Oui, j'imagine qu'il était difficile de trouver un travail dans le domaine de la peinture japonaise.
Tout à fait. Dans la société de l'époque, il n'existait aucun métier consistant à faire des dessins. C'est alors que le studio Toei Animation1 a commencé à recruter.
1Toei Doga Co., Ltd. est un studio de production d'animation qui est devenu en 1952 une filiale de Toei Co., Ltd. En 1992, son nom officiel devint Toei Animation Co., Ltd.
Avez-vous tout de suite compris que cet endroit était fait pour vous ?
Le premier long-métrage d'animation que Toei produisit s'intitulait Le serpent blanc2
2 Le serpent blanc était le premier long-métrage d'animation du Japon.
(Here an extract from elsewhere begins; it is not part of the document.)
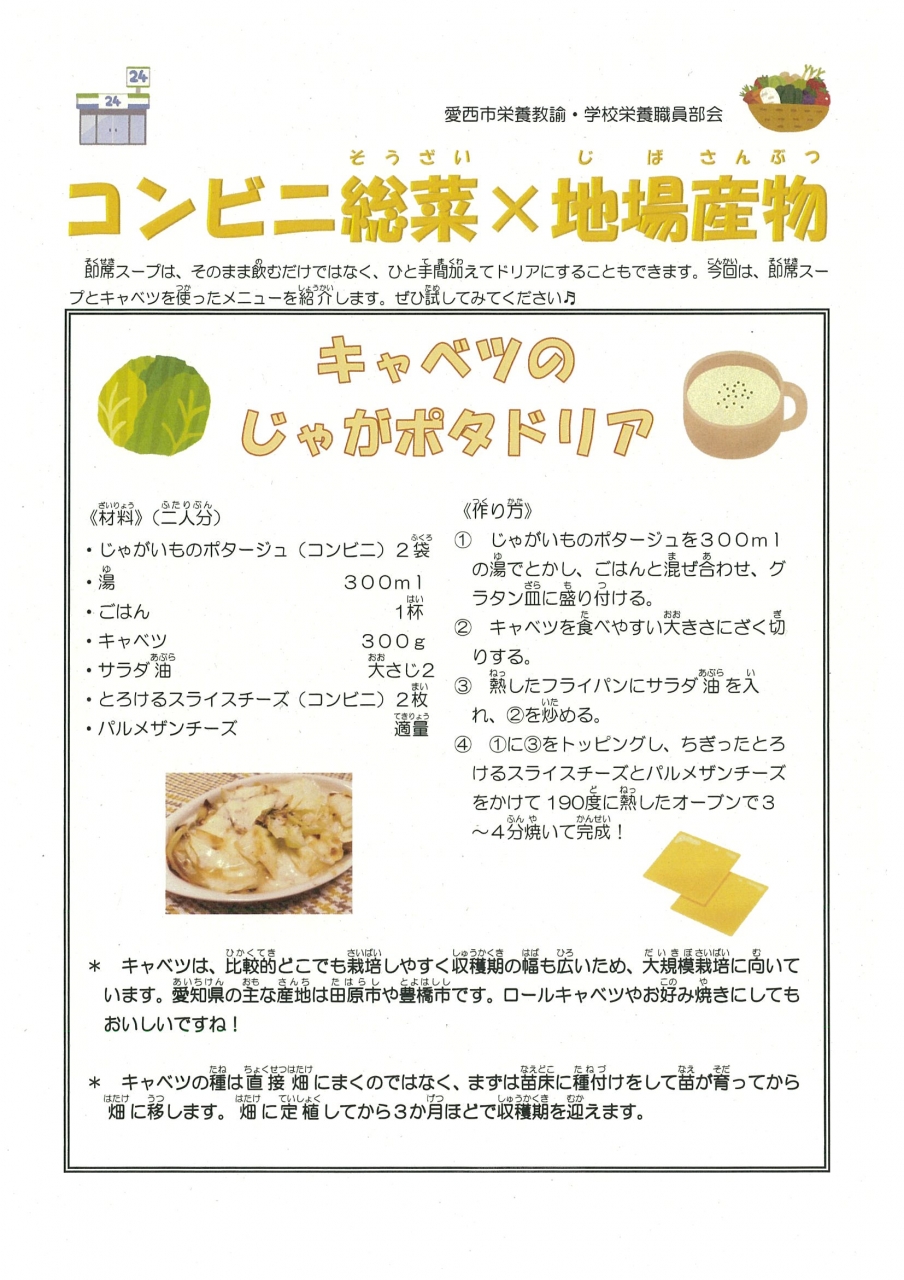栄養教諭より【⑪キャベツのじゃがポタドリ】

Il a été produit par le studio Toei Animation, Co., Ltd. et est sorti en 1958.
Oui, j'en ai entendu parler.
J'étais étudiant quand je l'ai vu et j'ai été emballé. J'avais grandi en regardant des dessins animés Disney et j'avais toujours pensé que l'animation japonaise ne valait pas grand-chose. Mais lorsque j'ai vu Le serpent blanc, j'ai changé d'avis. J'étais ému de constater que le Japon pouvait produire quelque chose d'incroyable comme ça. Enfin, bref, le studio Toei Animation commençait à recruter.
Et oui, il le fallait bien.
J'ai invité deux camarades de classe en leur disant « Si vous ne trouvez pas de travail, alors faisons de l'animation ensemble ! ». C'étaient des filles et elles ne s'intéressaient pas du tout aux mangas. Elles ne savaient même pas ce que c'était que l'animation. Mais au final, elles ont décroché un boulot et pas moi ! (rires)
Incroyable. Vraiment, vous n'avez pas été pris ?
J'étais sûr d'être pris donc je ne savais plus quoi faire. J'étais vraiment très enthousiaste à l'idée de travailler pour Toei Animation alors ça a été un coup dur pour moi. Mais Toei se développait tellement qu'ils n'ont pas attendu bien longtemps avant de recruter de nouveau. J'ai postulé et j'ai été pris de justesse.
Si vous aviez abandonné, votre vie et l'histoire de l'animation japonaise n'auraient jamais été les mêmes. Combien de personnes ont été embauchées à Toei Animation en même temps que vous ?
Le studio était florissant à l'époque, ils avaient donc embauché environ 30 personnes. Norio Hikone en faisait partie.
Oui, c'est lui qui a dessiné Uncle Carl3
3 Uncle Carl est un personnage de dessin animé populaire au Japon. On le retrouvait notamment sur les emballages de goûters.
Isao Takahata y était également.
Takahata-san du Studio Ghibli. Cela fait un beau casting.
Il était à la direction. Il était un peu plus âgé que moi, mais il est arrivé en même temps.
Hayao Miyazaki du Studio Ghibli venait aussi de Toei Animation.
Miya-san a cinq ans de moins que moi. Mais il est extrêmement connu maintenant. (rire) Lorsque je dessinais des images clés, il était dans mon groupe pendant un moment.